The wildcard certificate's private key protects all your tenant subdomains. If it leaks, an attacker can impersonate any tenant. Protect it like you'd protect your database credentials.

### Public Suffix List registration

If you're running a multi-tenant platform where each tenant gets a subdomain, you should submit your domain to the [Public Suffix List](https://publicsuffix.org/). The PSL is a registry that browsers use to determine security boundaries between sites.

Without PSL registration, browsers treat `tenant-a.foo.com` and `tenant-b.foo.com` as the same site. This means one tenant could potentially set cookies readable by another tenant—a serious security and privacy issue.

When you add `foo.com` to the PSL, browsers treat each tenant subdomain as an independent site. Cookies set by `tenant-a.foo.com` cannot be read by `tenant-b.foo.com`. Major platforms including GitHub (`github.io`), Vercel (`vercel.app`), and Netlify (`netlify.app`) are all registered on the PSL. If you're building tenant infrastructure, you should be too.

Submit via the [PSL GitHub repository](https://github.com/publicsuffix/list) with documentation proving you control the domain and explaining your multi-tenant use case.

### Token scope limiting

<Warning>
  Do not use global credentials. Scope your DNS provider tokens to the minimum required permissions on specific zones only.
</Warning>

* **Cloudflare** — scope tokens to specific zones with only `Zone.Zone:Read` and `Zone.DNS:Edit`
* **AWS Route53** — use IAM policies that grant access only to specific hosted zones, not all DNS resources in your account
* **GCP Cloud DNS** — create service accounts with the `dns.admin` role scoped to individual zones, not project-wide access

If your token leaks, the blast radius should be limited to DNS operations on specific zones—not your entire cloud account.

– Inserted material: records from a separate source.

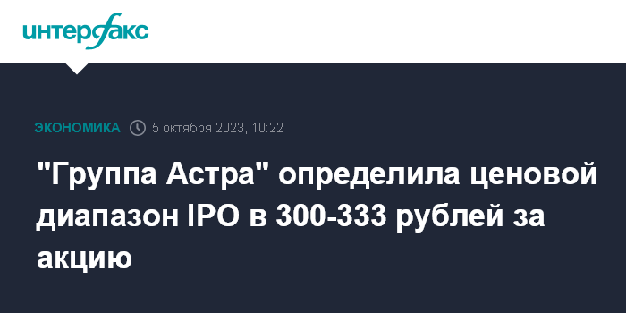 Москва. 5 октября. INTERFAX.RU - ПАО "Группа Астра" (головная структура группы IT-компаний "Астра", занимающихся разработкой инфраструктурного ПО, включая операционную систему Astra Linux) определила ценовой диапазон IPO на "Московской бирже" в 300-333 рублей за акцию, говорится в сообщении компании.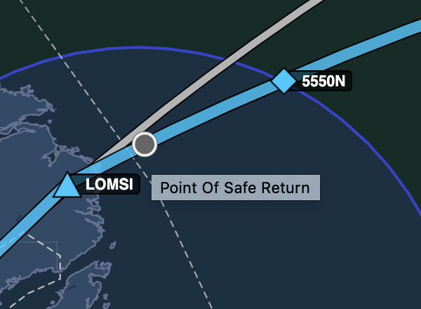 Quickly identify a route's “point of safe return” on both the inset route map and in the Navlog.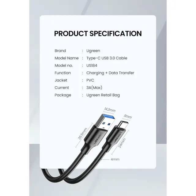 Ugreen USB 3.0 na USB-C kabel je visoko kvaliteten in zmogljiv kabel za vse vaše naprave z USB-C konektorjem.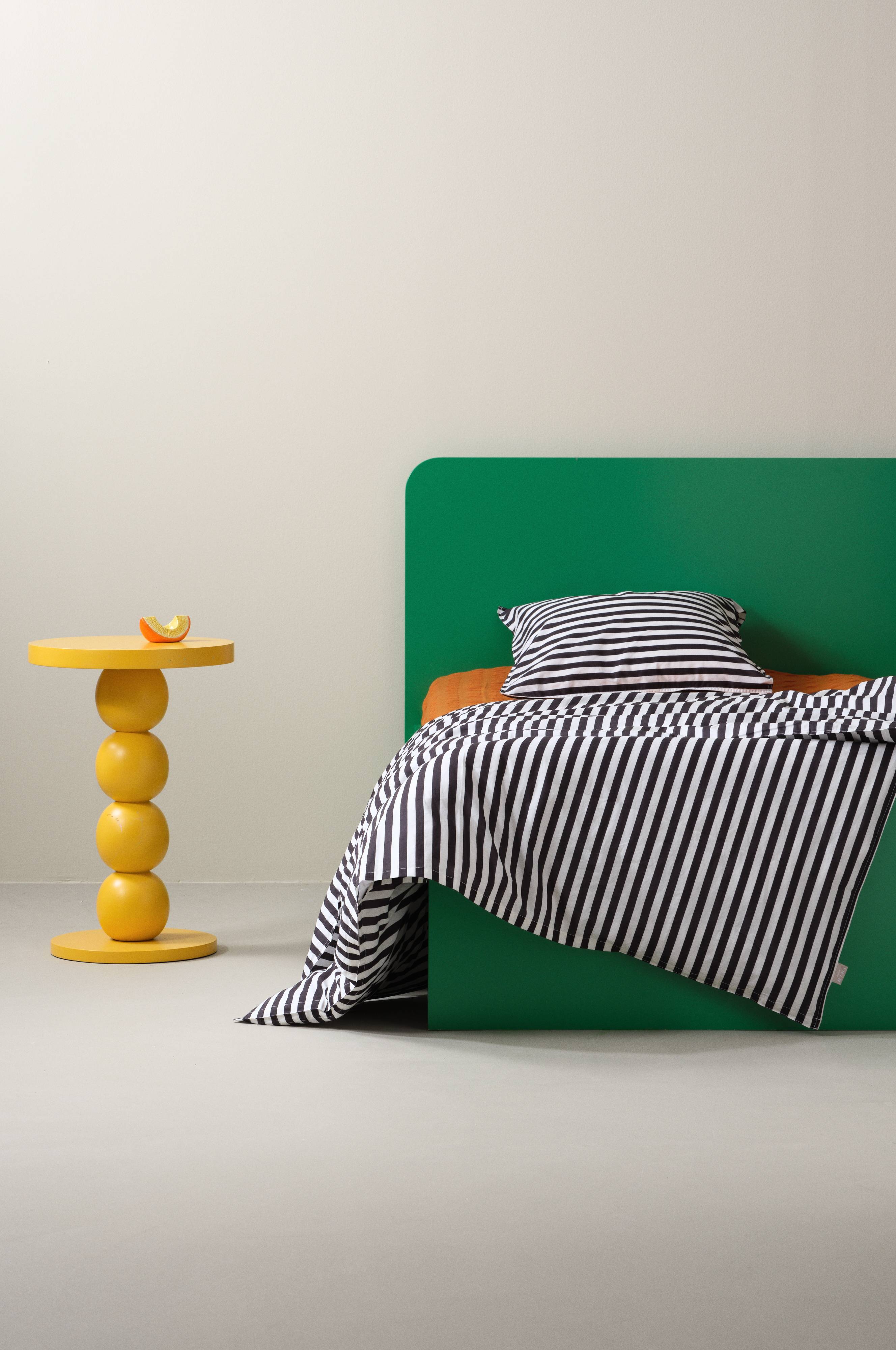 Stripete sengesett i to deler med et dynetrekk og et putevar av økologisk bomull. Sengetøyet i serien LOUSA er fargerikt med digitaltrykte striper. Det gir et mykere og mer distinkt trykk med klarere fargegjengivelse. Det er deilig å sove i økologisk bomull - svalt og mykt mot huden. Åpning øverst i hjørnene på dynetrekket. Det gjør det lettere å tre dynetrekket over dynen. Trådtetthet på 180 tc. (Trådtettheten forteller om antallet tråder, thread counts, pr. kvadrattomme i et stoff. Jo høyere trådtetthet, desto høyere kvalitet. Unntaket er lin som ofte veves løsere for å få den riktige følelsen.)

### Certificate revocation tradeoffs

If you need to revoke a wildcard certificate, you can't selectively revoke it for one tenant—revocation affects all tenants. This is a fundamental tradeoff of wildcard certificates.

If you need per-tenant revocation capability, you need per-tenant certificates. For most systems, the operational simplicity of wildcards outweighs this limitation.

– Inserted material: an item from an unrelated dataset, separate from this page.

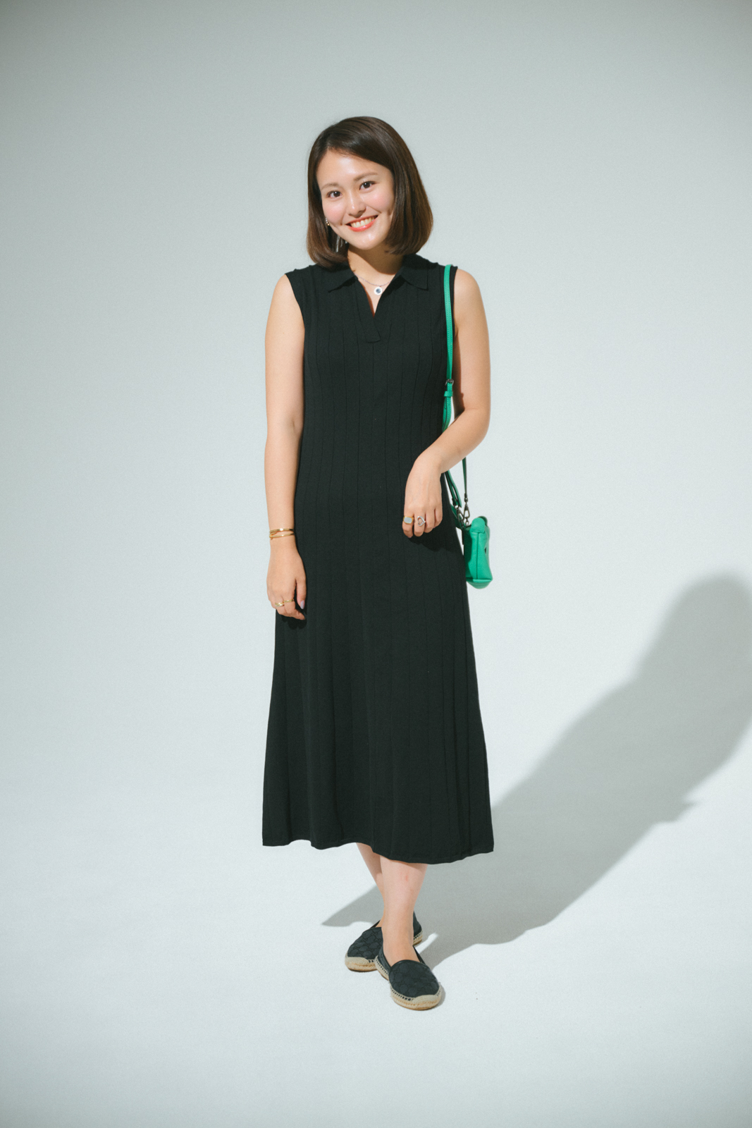 「GUのスキッパーポロワンピースはシルエットが美しく、通勤にもぴったり。コーデいらずで、1枚でサマになります。ランチタイムにはグリーンのミニロンシャンを片手に出かけることが多く、差し色としてコーデに彩りを足してくれます」

## When not to use wildcard certificates

Wildcards are the wrong choice in these situations:

* **Tenants bring their own domains** — if tenants use `tenant-a.com` instead of `tenant-a.foo.com`, you need per-tenant certificates with ACME HTTP-01 challenges
* **Deep subdomain nesting** — `*.foo.com` doesn't cover `api.tenant-a.foo.com`; if your architecture requires nested subdomains, you need multiple wildcard certificates or per-tenant certificates
* **Regulatory compliance requiring certificate isolation** — some compliance frameworks require cryptographic isolation between tenants; if your wildcard private key is compromised, all tenants are affected
* **Per-tenant certificate revocation** — if you need to revoke access for individual tenants by revoking their certificate, wildcards won't work

## Summary

For multi-tenant systems with `tenant-id.foo.com` subdomains, wildcard certificates are the right choice. The implementation pattern is the same regardless of your infrastructure: pick a web server (Caddy, Nginx, HAProxy), integrate with your DNS provider's API (Cloudflare, Route53, Cloud DNS, Azure DNS), and let ACME automation handle the rest.

The alternative—per-tenant certificates—is operationally complex, technically fragile, and doesn't scale past a few hundred tenants. Wildcard certificates are the pragmatic choice, and modern tooling makes them trivial to implement across any cloud platform.